Во-вторых, «Народный референдум», как и обещал, выдвинул единого кандидата на президентских выборах, и мы уже формируем списки на парламентские выборы. Сегодня это единственная коалиция, которая действует. Это тоже достижение.

Для меня также достижение, как мы смогли устроить кампанию продвижения внутри власти: мы обошли почти сорок членов парламента, встретились с тремя замминистрами. Сначала они ответили нам, что все эти сборы подписей недействительны, а потом были вынуждены собирать комиссию и признать, что переданные подписи все-таки действительные. Дальше они отказались ставить этот вопрос в повестку дня. Хорошо, это еще один повод, почему мы идем на эти и следующие выборы.
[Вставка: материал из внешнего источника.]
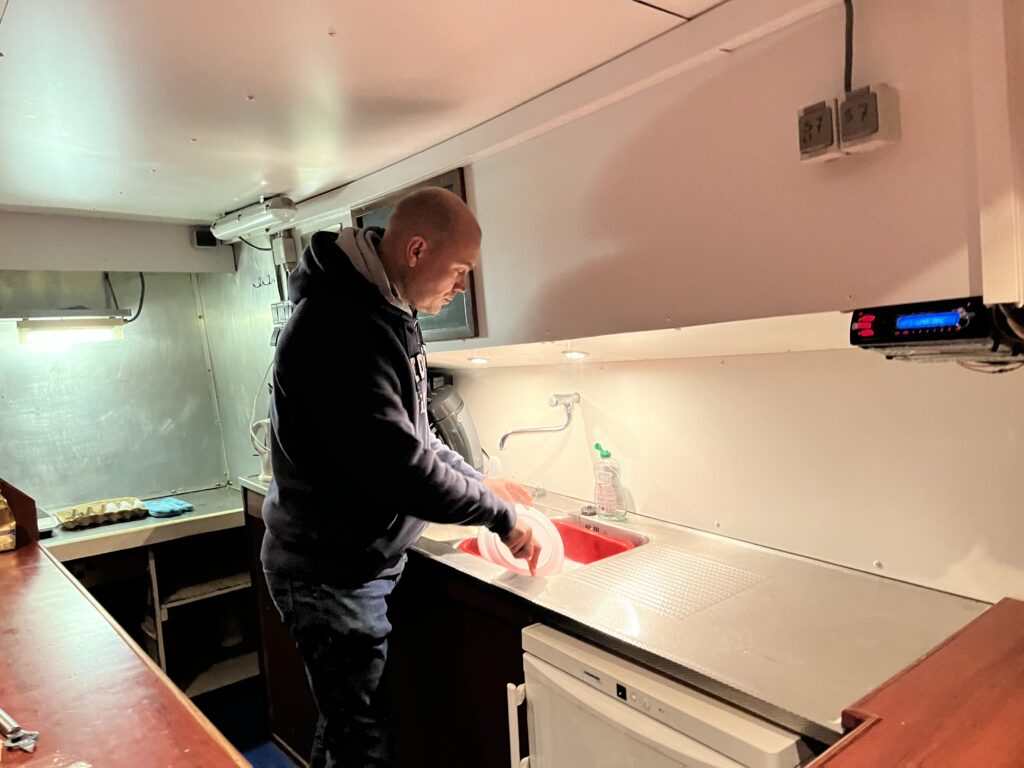 En dan nu… het schip woon-klaar maken. Om te beginnen met het plaatsen van een schoon- en vuilwater tank, en dan kan de vloer een aantal centimeter naar beneden zakken…. Wordt vervolgd!

Достижений достаточно. Я не хочу сказать, что я бы не хотел большего. Я бы хотел, но я существую в той ситуации, которая есть.

- Владимир Некляев в одном из своих интервью рассказывал, что перед выборами 2010 года действовала схема принуждения к единству через финансирование. Известно, что именно «Говори правду» аккумулирует основные деньги в последние годы, деньги спонсоров и так далее. Вы добиваетесь единства с БНФ и движением Милинкевича через финансовые механизмы? Каким образом вам удалось протолкнуть своего кандидата мимо их политиков?

- Во-первых, скажу, что мне неизвестно о такой системе, о которой рассказывал Некляев. Более того, я лично считаю ее бесполезной и ненужной. Она никогда не сработает. Это только для людей, которые рассматривают политику как литературный роман, такое возможно. В 2010 году такого не было. У всех были свои ресурсы, у кого-то больше, у кого-то меньше. Это было разного уровня финансирование.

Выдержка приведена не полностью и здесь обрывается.